First woman soccer player ever awarded was just asked to twerk on stage by male presenter

December 05th, 2018

We’re living in the 21st century but women still go through blatant sexism on a daily basis, be it at work or even at home.

In the sports industry, sexism is still prevalent. Female athletes—even if they are world champs— face criticism about their athleticism and experience inequality based on their gender alone. Aside from that, there’s still this significant wage gap between male and female athletes; women are sometimes expected to play under different conditions; and worst, they are often sexualized or objectified.

According to Women in Sport, 40 percent of female athletes experience gender discrimination. However, despite the barrels of buoyant sexism, there are women who continue to make a name for themselves.

Norwegian soccer star Ada Hegerberg, 23, made history on Monday by becoming the first woman to receive FIFA’s Ballon d’Or —an annual soccer award that only honors the best male player. However, what supposed to be a momentous occasion turned into an awkward scenario when French D.J. and producer Martin Solveig asked Hegerberg in French if “she could twerk on stage.”

Hegerberg abruptly replied “no” to the request then immediately left the stage.

Martin Solveig really asked Ada Hegerberg, the first ever Ballon D'Or winner, to twerk. The absolute disrespect bruh.
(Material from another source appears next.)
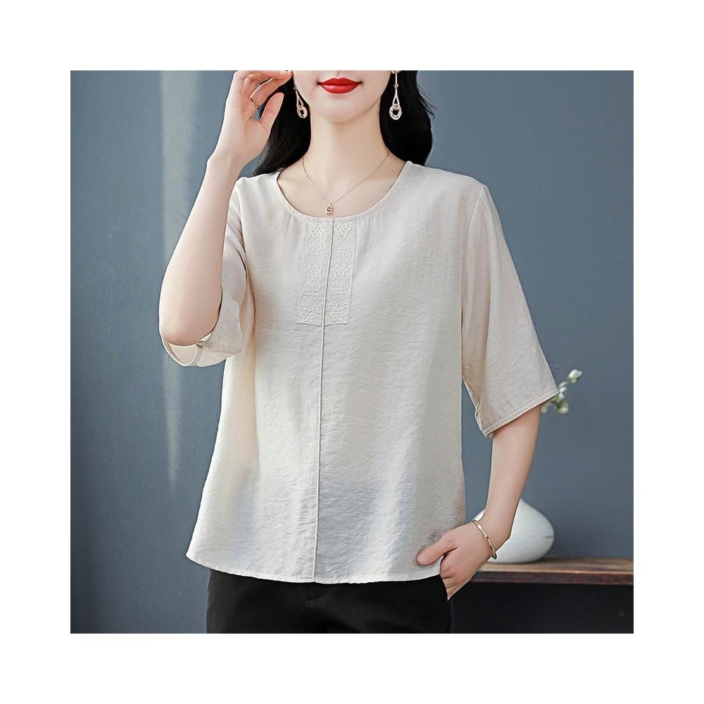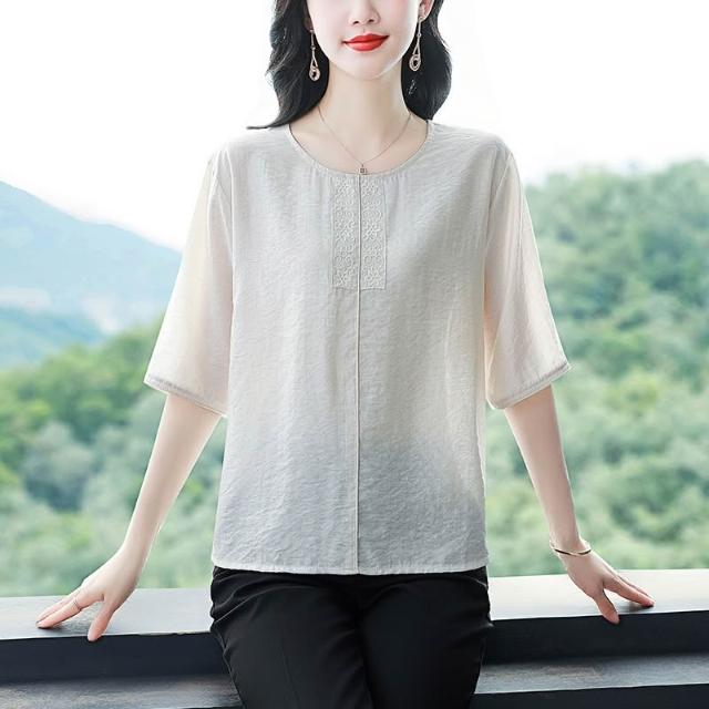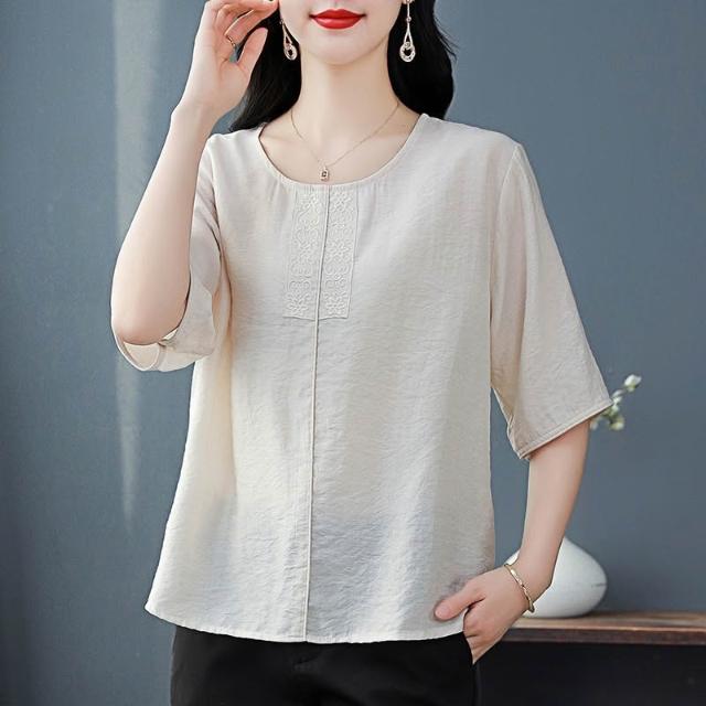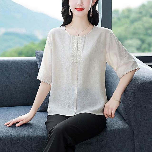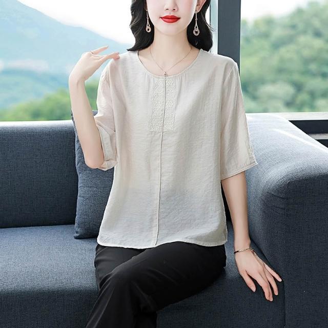 免運 棉麻短袖體t恤女2026夏裝新款時尚寬鬆遮肚中年媽媽休閒小衫

— A West (@ayyy_west) December 3, 2018

Before the uncomfortable silence, Hegerberg thanked all who had helped her to the achievement.
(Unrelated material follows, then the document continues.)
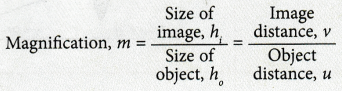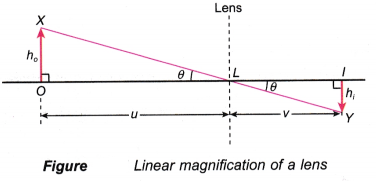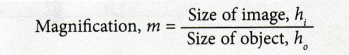 Definition: The ratio of the size of the image formed by refraction from the lens to the size of the object, is called linear magnification produced by the lens. It is represented by the symbol m.

The Norwegian striker believed that the award is a huge step for women’s football.

After the incident, the ceremony—which took place in Paris—appeared to be cut short. Solveig immediately issued an apology to the one he had offended by his comments.

Sincere apologies to the one I may have offended. My point was : I don’t invite women to twerk but dance on a Sinatra song. Watch the full sequence People who have followed me for 20 years know how respectful I am especially with women

— Martin Solveig (@martinsolveig) December 3, 2018

In an interview with the BBC later on Monday, Hegerberg clarified that she and Solveig had already talked about the incident.

“He came to me afterwards and was really sad that it went that way. I didn’t really think about it at the time to be honest. I didn’t really consider it a sexual harassment or anything in the moment.”

“I was just happy to do the dance and win the Ballon d’Or to be honest. I will have a glass of champagne when I get back,” she said.